__WHAT TO DO__
Begin at the line containing "For the inside" in the records below, end at the line containing "Quan sát tranh, em", and retype each line in that span exactly. No other line and no image should appear.

__INFORMATION__

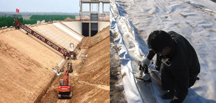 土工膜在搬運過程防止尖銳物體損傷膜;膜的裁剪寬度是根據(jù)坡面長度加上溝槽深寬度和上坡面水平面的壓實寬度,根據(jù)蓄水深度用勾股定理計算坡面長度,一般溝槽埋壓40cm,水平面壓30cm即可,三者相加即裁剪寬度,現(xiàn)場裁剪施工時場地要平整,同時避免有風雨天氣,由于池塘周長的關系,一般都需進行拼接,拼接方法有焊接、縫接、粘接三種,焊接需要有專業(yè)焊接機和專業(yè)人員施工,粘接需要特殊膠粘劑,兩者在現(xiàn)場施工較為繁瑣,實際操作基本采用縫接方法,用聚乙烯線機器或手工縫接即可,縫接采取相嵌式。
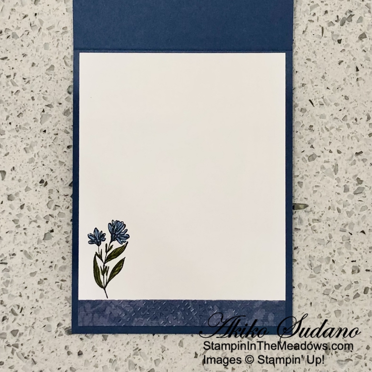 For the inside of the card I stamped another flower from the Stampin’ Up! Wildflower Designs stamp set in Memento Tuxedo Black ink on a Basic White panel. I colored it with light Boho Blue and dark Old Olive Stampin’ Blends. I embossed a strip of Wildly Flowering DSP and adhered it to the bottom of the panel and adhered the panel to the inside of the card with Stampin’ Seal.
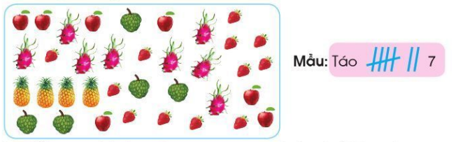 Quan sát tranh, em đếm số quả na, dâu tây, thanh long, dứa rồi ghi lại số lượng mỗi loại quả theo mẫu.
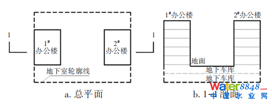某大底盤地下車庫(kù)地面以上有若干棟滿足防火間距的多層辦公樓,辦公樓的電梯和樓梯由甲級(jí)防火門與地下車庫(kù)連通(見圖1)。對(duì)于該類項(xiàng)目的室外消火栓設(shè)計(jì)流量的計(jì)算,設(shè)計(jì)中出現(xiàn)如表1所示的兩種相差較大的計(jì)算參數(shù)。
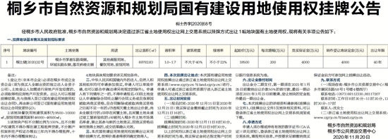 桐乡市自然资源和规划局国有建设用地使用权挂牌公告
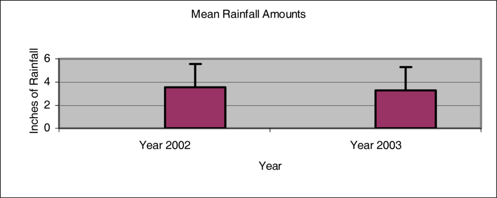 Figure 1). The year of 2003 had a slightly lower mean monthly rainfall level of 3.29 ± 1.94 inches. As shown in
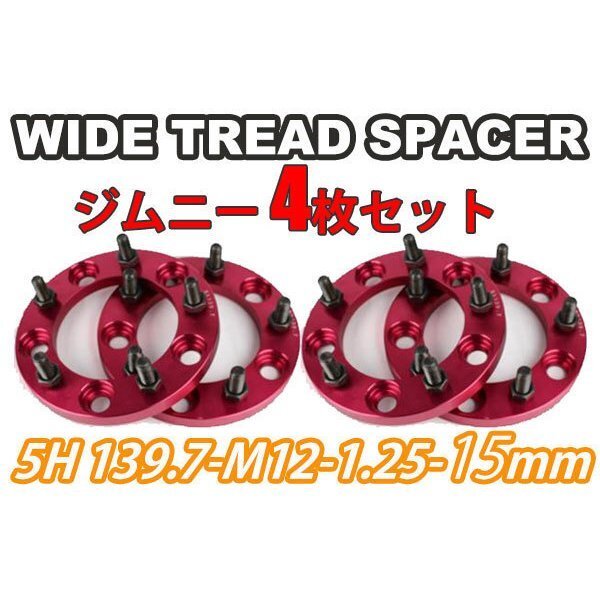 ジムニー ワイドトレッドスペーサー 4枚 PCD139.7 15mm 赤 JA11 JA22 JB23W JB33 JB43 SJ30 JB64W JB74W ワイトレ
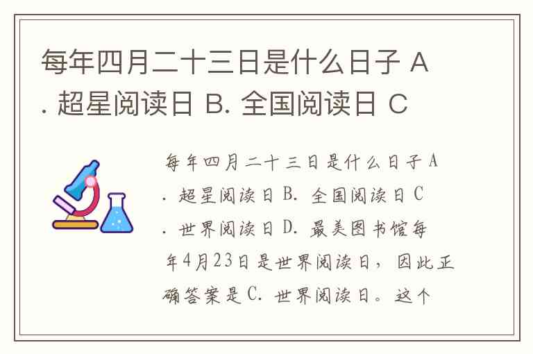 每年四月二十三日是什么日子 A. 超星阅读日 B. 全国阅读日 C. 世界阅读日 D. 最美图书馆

--

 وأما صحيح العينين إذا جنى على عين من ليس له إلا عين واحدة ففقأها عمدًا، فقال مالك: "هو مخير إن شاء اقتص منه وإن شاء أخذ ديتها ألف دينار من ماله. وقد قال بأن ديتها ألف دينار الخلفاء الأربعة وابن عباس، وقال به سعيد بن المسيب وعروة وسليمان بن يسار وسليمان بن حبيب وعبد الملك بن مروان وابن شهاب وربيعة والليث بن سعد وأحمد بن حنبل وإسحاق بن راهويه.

__RESULT OF THE EXERCISE__
 For the inside of the card I stamped another flower from the Stampin’ Up! Wildflower Designs stamp set in Memento Tuxedo Black ink on a Basic White panel. I colored it with light Boho Blue and dark Old Olive Stampin’ Blends. I embossed a strip of Wildly Flowering DSP and adhered it to the bottom of the panel and adhered the panel to the inside of the card with Stampin’ Seal.
 Quan sát tranh, em đếm số quả na, dâu tây, thanh long, dứa rồi ghi lại số lượng mỗi loại quả theo mẫu.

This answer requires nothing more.